Xcel Energy appreciates the opportunity to provide feedback on additional revisions to BPM-011 .  Our revisions focus on three areas:

  • Statements that are misaligned with the Tariff (as identified in the comments)
  • Remaining clean-up for ICAP Deferral on a seasonal basis and Mid-Year Capacity Replacement to ensure that all Resources (including DIR and LMR) are eligible
  • Revisions to datasets used for ELCC calculations, as described at the October RASC.

 We have sent our red-lined version of the BPM-011 document provided at the October RASC to Stakeholder Relations and would be happy to address any questions.

WPPI provides the bulk of its comments and suggested edits in a separately submitted red-line document.  In that review we have focused on Appendix Y.

In addition, we suggest that the BPM consider dropping the "AAOC Hours" term, and replace it with "Annual RA Hours," which is used in Schedule 53.  Adoption of the terms Seasonal RA Hours and Annual RA Hours may facilitate clarification of process descriptions in the BPM.

How should MISO account for Firm Service Level (FSL) and Emergency Demand Response (EDR)?

4. Add additional fields to report EDR offers

Should MISO still consider transmission losses and Planning Reserve Margin (PRM) add back for LMRs?

1. Status quo

Transmission Losses:

LMR's ZRC value should continue to get grossed up for transmission losses because they are offsetting the need for traditional generation that is connected to the transmission system. In order for generation to serve load, that generator's MW power at the point of interconnection needs to travel through transmission network losses to serve network load. LMR's provide that equivalent service locally without carrying electrons through lossy transmission lines, therefore their the LMR's MW reduction service is equivalent to the generators MW power + Transmission Losses.

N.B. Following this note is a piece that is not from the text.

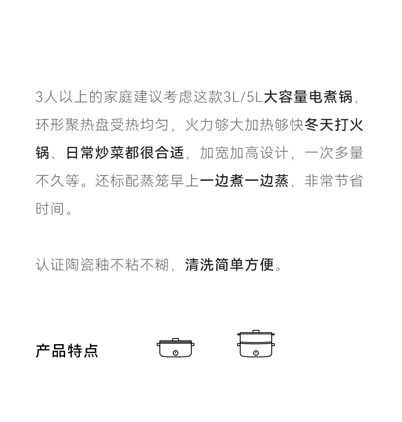 • 商品名称:olayks立时 电煮锅电火锅小电锅家用小火锅专用锅多功能锅煎炒蒸煮一体电热锅电蒸锅 3L YD-016/台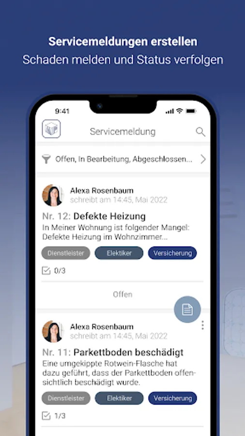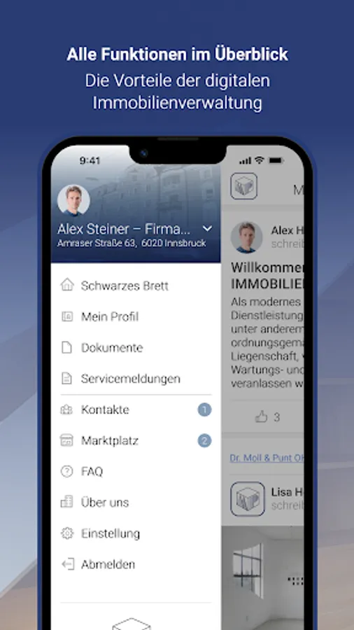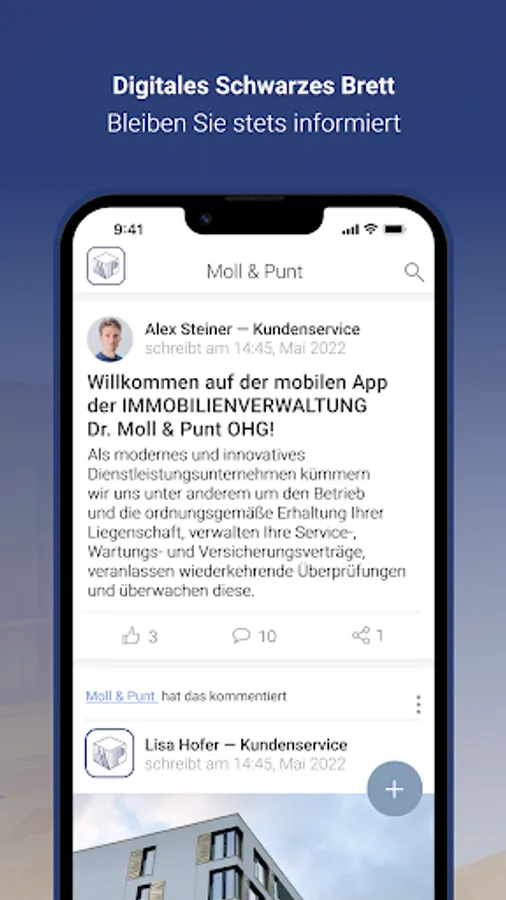 As a customer of REAL ESTATE MANAGEMENT Dr. Moll & Punt OHG you benefit from a particularly innovative customer service that offers you a lot of freedom. With the Moll & Punt app, you can report concerns and damage to us around the clock, including photo documentation, via smartphone. In addition, we provide you with a digital document folder with important documents for your property(s). We use the digital bulletin board to proactively provide push notifications about important information about the properties entrusted to us.

To reiterate, consider a 100 MW Generator that delivers electricity through a 1 MW transmission loss, so it only delivers 99 MW of load at the point of consumption. Alternatively, if that load was able to be curtailed by a 99MW LMR, it provides the equivalent capacity value to the Bulk Electric System as a 100 MW generator would have otherwise provided.

Planning Reserve Margin (PRM):

LMR's ZRC value should continue to get grossed up for PRM because the load reduction measures help to lower the additional risk margin of a MP's load requirements + risk margin (aka PRM).

If an un-registered 100 MW load management measure "LMM" is dispatched over peak conditions and contributes to the reduction of an LSE's coincident peak forecast requirements and PRMR, the load reductions value is providing 100 MW + PRM% value to the overall need to procure PRMR. Suppose PRM% = 8%, then an unregistered 100MW load management measure provides 108MW of PRMR value to the utility.

Including the PRM % add back puts the LMR capacity value on an even playing field with unregistered LMM assets. LMR's are providing capacity value equivalent to their load reduction as well as the avoidance of carrying the extra PRM% risk margin.

How should MISO collect locational information for LMRs?

1. CPNode

MISO uses LMR's as tools for capacity emergencies, which are rarely (if ever) localized or declared in a region below the North/Central/South regions, and sometimes directed at the LBA level. MISO has not demonstrated how breaking up LMR's into EP Nodes or lower would provide tools to better serve capacity emergencies.

LMR's were not intended to be instruments to resolve transmission congestion. Locational Marginal Price is the prevailing tool to manage one side of a transmission constraint, which leads to the scheduling of assets in the Energy and Operating Reserve markets. LMR's don't participate in E&OR markets, but Demand Response Resources (DRR's) do.

I think MISO's reasoning for wanting to manage transmission constraints is sound, but LMR's are not the tool to use. DRR's are the tools to use for managing localized transmission constraints.